Hacker News new | comments | show | ask | jobs | submit login
Roaring bitmaps: A better compressed bitset (roaringbitmap.org)
76 points by SwellJoe 850 days ago | hide | past | web | 11 comments | favorite

We use EWAH (another compressed bitset from Daniel Lemire) heavily at work to store inverted indices in a compressed form. Apart from lowering the memory foot print (vs storing sorted integers), AND/OR operations are much faster when you want to do stuff like intersecting 2 bitsets to find the overlapping members etc.

You should checkout some of the other impressive compression related stuff that Daniel has open sourced: https://github.com/lemire

This is quite nice

There are many flavours of bitsets. Sometimes it's not the largest element that's a limit but the cardinality. You should also take note of the cost of clearing a bitset: This cost is almost never included in performance considerations. For instance, when you're making small random subsets (of size k) of a set (size n) you might be tempted to use a bitset and recycle it between subsets. you typically end up with a performance of k.O(1) for set but O(n) for a clear.

pick your poison ;)

How do these compare space and performance wise with Judy arrays, which are 256-ary trees whose nodes also distinguish between sparse and dense subsets? https://en.wikipedia.org/wiki/Judy_array

Good question, since the patent on them won't expire until Nov 29, 2020.

Aha, this is interesting =).

So this is basically just an array of booleans, and each element has two states.

But are there equivalent fancy compressed data structures for more than two states? (i.e. like a compressed array of enumerations) Or does that not make sense for some reason?

Yes, it's a research area called succinct data structures. E.g. given work on DNA in bioinformatics, a lot of work is on elements with 4 stats.

How would I use this data-structure in an application? Is it basically a replacement for a byte array with improved space characteristics?

Semantically, it's a boolean array. Or, to look at it another way, a set of integers, where a[n] is true if n is in the set.

This representation, and the various others the paper compares it to, are useful when the array is fairly sparse - the introduction suggests the range 1/10000 to 1/64 of the bits being set.
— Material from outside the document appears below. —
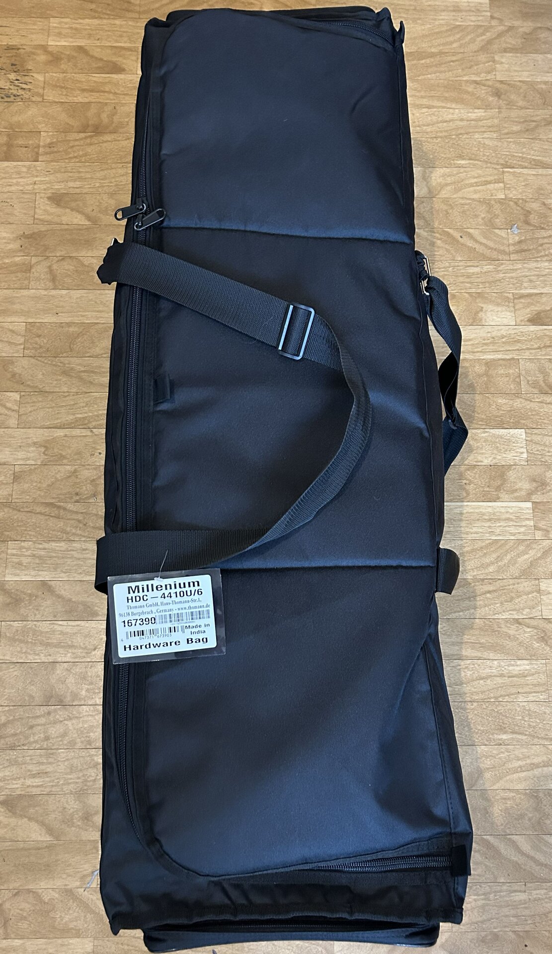 Für den Transport hab ich mir eine passende Tasche geholt, die es beim großen T gab, passt die Traverse rein, die Halter und der Aufbau. Lediglich die Bodenplatte muss ich separat transportieren.

They're a lot more compact, but still support key operations - ORing, ANDing, testing a particular bit, enumerating all set bits - fairly efficiently.

The major motivating use of structures like this is for bitmap indexes in databases. Bitmap indexes store a single bit of data per record - it could be "is this person a current employee?", "has this user ever bought anything?", etc. If you can encode these compactly, you can use them to very quickly winnow vast amounts of data down to a small number of interesting records, which you can then retrieve one by one.

It would be nice to have a breakdown of the trade offs that this data structure involves in terms of insertion time and storage space.

It's covered pretty well in the paper they link to:

"On the Java platform we used for our experiments, we estimate that we can compute and write bitwise ORs at 700 million 64-bit words per second. If we further compute the cardinality of the result as we produce it, our estimated speed falls to about 500 million words per second. That is, we suffer a speed penalty of about 30% because we maintain the cardinality. (We find that this penalty effectively disappears when using an equivalent optimized implementation written in C.) In contrast, competing methods like WAH and Concise must spend time to decode the word type before performing a single bitwise operation. These checks may cause expensive branch mispredictions or impair superscalar execution."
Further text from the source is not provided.